Pakistan's position as the principal foreign player in Afghanistan following the Soviet withdrawal changed with the arrival of American and NATO forces in the aftermath of Al-Qaeda's terrorist attacks in the United States on September 11, 2001. Pakistan has recognised that changed situation, deferring a great deal to American concerns. But it has clearly not abandoned its long-term national objective of ensuring that the government in Kabul is subordinate to Pakistan's regional agenda.
Although friendly towards Pakistan, Karzai and other Afghan nationalists remain unwilling to accept Pakistan's vision of Afghanistan as a subordinate state. Afghanistan maintains close ties with India and expects to pursue an independent foreign policy. Although Pakistan is engaged in a peace process with India, its generals remain fearful of Indian domination. India's size coupled with its economic and military might make its ascendancy inevitable but that does not deter Pakistan from pursuing options of low intensity and sub-conventional warfare for greater regional influence - a contemporary version of the great game.

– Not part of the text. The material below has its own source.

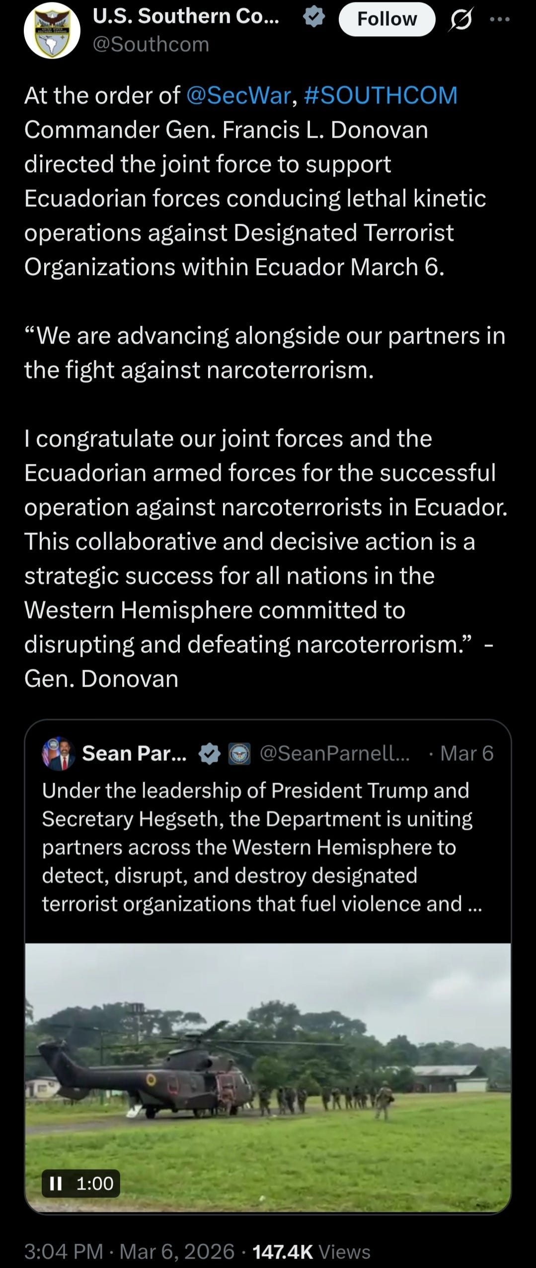 We just started another narco-terrorist war with boots on the ground in Ecuador.

Pakistan's establishment will crack down on the Taliban only when it finds the cost of positioning itself as a major regional power unbearable. The US could help Pakistan realise the dangers of persisting with its traditional policies by refusing to publicly pretend that it is unaware of Pakistan's regional double-dealing. An American brokered accord between Pakistan and Afghanistan to end the latent dispute over the Durand Line, coupled with international guarantees to end Pakistan's meddling in Afghanistan might be the minimum requirements for durable peace in the region where the 9/11 plot to attack the US was hatched.